• Stored data entries

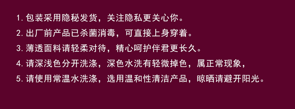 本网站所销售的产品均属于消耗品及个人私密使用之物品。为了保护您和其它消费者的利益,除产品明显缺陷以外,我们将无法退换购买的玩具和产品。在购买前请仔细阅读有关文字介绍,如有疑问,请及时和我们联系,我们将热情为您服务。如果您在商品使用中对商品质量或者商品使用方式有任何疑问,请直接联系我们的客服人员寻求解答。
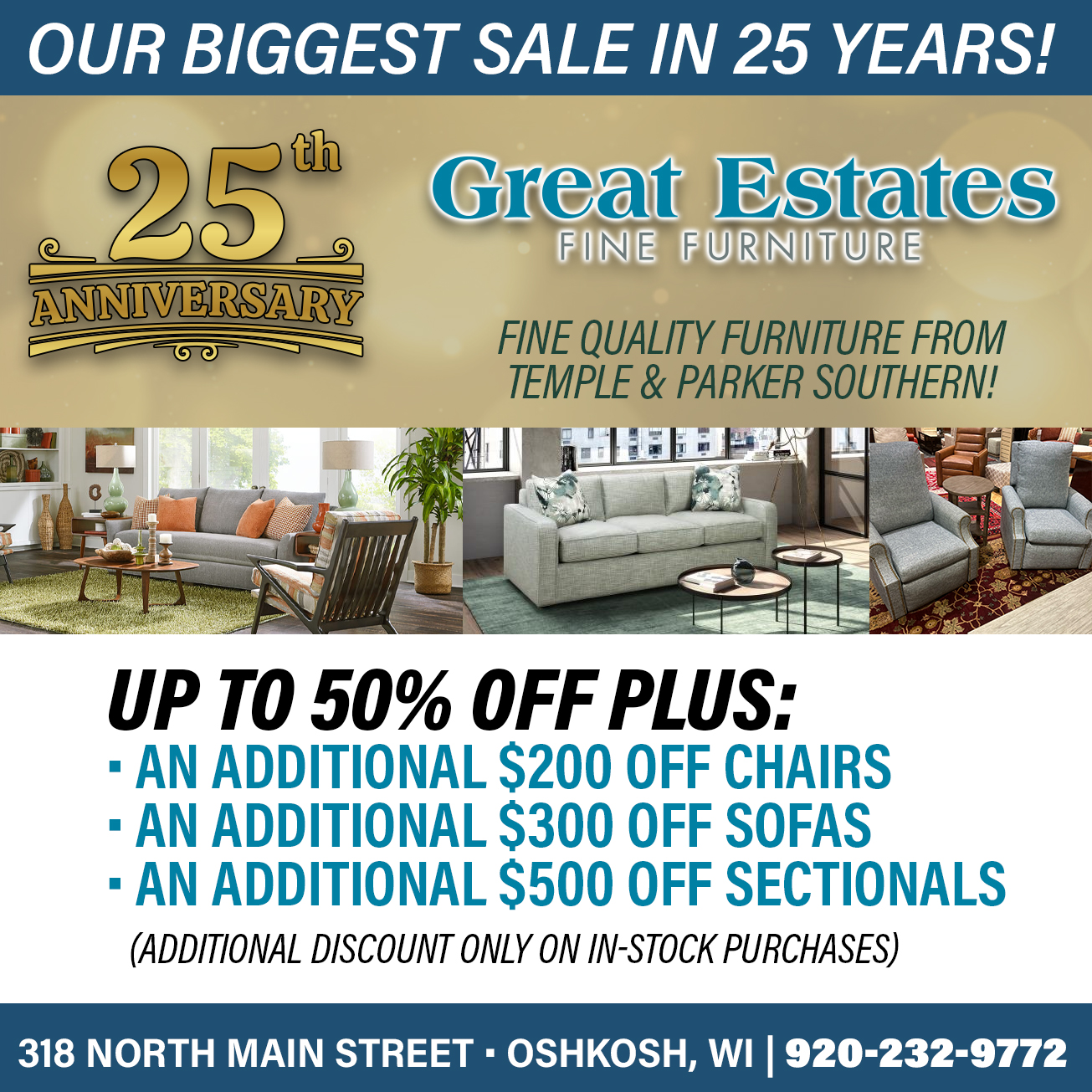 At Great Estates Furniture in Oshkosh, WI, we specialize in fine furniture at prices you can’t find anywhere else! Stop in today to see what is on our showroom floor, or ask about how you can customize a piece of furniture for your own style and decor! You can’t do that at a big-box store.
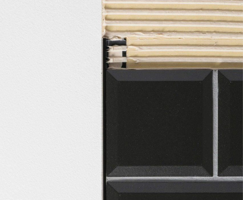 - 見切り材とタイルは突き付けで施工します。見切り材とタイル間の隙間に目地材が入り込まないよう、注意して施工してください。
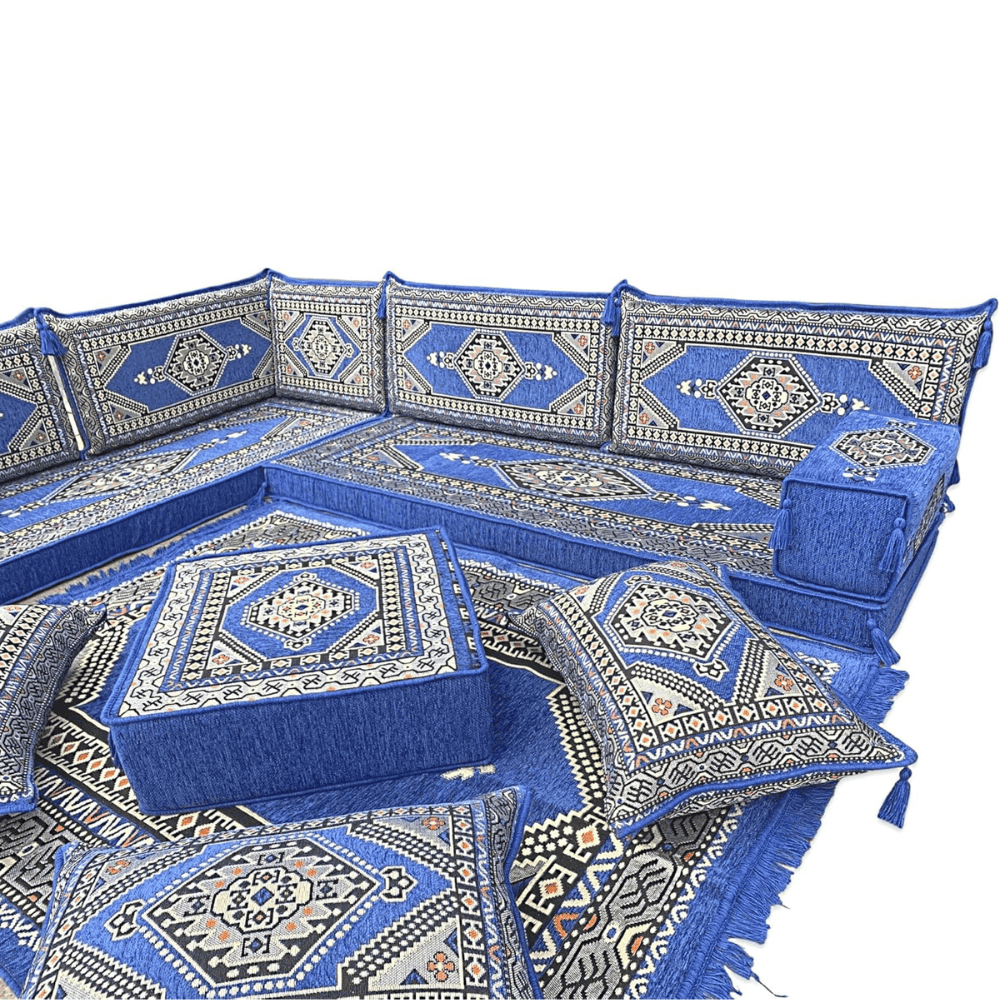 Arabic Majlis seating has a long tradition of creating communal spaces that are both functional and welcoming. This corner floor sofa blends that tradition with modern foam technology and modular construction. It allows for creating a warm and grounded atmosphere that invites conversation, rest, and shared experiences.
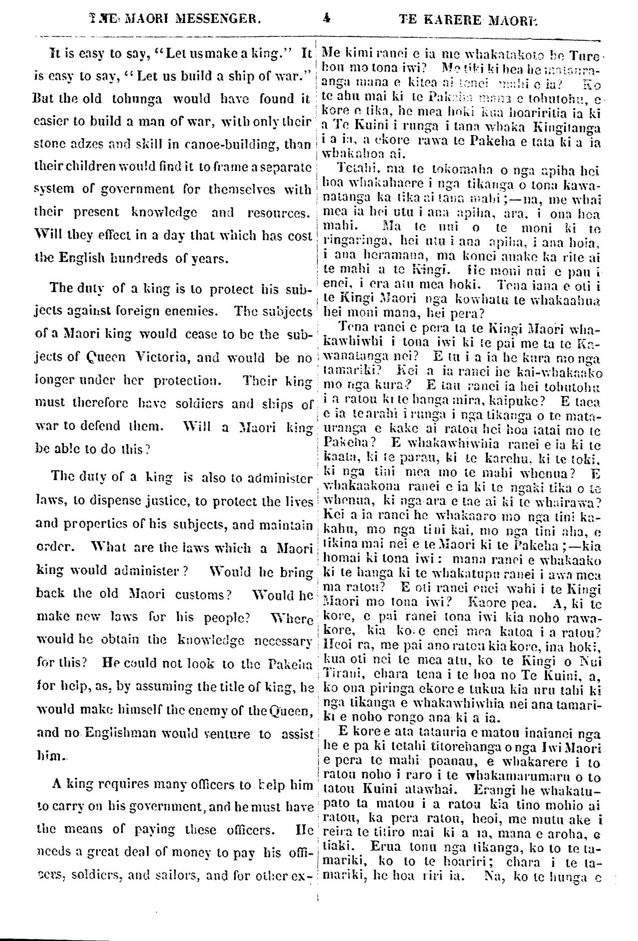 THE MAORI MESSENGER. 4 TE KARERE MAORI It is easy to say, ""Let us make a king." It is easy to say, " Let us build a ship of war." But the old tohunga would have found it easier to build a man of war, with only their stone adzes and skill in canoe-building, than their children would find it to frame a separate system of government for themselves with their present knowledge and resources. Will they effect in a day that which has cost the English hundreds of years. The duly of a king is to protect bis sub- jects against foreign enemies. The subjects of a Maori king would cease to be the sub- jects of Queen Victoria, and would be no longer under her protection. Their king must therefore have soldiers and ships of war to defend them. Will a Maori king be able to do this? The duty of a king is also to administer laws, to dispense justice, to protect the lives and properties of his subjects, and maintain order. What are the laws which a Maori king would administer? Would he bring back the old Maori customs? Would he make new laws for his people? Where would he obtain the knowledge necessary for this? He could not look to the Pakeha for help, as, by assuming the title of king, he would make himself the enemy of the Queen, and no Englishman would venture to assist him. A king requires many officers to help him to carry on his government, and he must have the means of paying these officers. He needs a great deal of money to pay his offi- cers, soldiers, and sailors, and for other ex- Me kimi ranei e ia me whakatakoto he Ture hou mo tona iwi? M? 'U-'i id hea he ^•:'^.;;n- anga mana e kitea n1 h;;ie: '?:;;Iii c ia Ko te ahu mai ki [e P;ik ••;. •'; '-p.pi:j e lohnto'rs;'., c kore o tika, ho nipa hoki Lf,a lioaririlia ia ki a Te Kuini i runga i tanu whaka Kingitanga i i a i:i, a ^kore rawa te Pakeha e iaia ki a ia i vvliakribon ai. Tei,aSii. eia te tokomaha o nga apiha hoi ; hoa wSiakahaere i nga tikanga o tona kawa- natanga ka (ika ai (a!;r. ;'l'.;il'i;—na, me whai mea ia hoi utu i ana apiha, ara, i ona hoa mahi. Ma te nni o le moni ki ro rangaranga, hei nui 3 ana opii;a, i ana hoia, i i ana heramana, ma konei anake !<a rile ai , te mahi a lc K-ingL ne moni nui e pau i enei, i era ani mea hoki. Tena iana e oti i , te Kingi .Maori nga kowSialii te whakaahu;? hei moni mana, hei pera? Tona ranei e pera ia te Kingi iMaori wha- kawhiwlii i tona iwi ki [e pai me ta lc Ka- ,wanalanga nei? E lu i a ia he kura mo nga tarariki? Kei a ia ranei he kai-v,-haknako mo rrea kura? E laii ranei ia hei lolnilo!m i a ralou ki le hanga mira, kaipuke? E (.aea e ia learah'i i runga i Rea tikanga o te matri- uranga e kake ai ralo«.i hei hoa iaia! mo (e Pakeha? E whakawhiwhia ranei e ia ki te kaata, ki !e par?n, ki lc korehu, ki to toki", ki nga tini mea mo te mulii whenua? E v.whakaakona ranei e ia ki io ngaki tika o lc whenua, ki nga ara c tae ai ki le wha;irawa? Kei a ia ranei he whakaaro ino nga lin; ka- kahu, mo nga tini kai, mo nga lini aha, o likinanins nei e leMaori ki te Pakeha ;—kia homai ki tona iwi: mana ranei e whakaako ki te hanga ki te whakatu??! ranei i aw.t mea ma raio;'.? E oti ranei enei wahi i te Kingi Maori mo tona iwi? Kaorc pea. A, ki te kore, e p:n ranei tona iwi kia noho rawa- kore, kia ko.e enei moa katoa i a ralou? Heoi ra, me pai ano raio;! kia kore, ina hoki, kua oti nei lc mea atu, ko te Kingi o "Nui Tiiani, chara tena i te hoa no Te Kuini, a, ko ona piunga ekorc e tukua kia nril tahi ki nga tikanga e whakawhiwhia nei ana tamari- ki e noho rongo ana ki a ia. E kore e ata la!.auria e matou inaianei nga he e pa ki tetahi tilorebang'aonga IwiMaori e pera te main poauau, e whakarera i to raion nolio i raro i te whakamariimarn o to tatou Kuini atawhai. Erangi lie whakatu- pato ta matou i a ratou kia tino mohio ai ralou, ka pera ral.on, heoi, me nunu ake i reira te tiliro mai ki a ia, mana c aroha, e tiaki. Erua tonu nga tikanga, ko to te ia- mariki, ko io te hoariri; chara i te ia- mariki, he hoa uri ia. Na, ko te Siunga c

• EXERCISE REQUIREMENTS
Those lines of the records above that run from the one containing "- 見切り材とタイルは突き付" through the one containing "Arabic Majlis seating" should be returned exactly, with no pictures among them.

• EXERCISE OUTPUT
 - 見切り材とタイルは突き付けで施工します。見切り材とタイル間の隙間に目地材が入り込まないよう、注意して施工してください。
 Arabic Majlis seating has a long tradition of creating communal spaces that are both functional and welcoming. This corner floor sofa blends that tradition with modern foam technology and modular construction. It allows for creating a warm and grounded atmosphere that invites conversation, rest, and shared experiences.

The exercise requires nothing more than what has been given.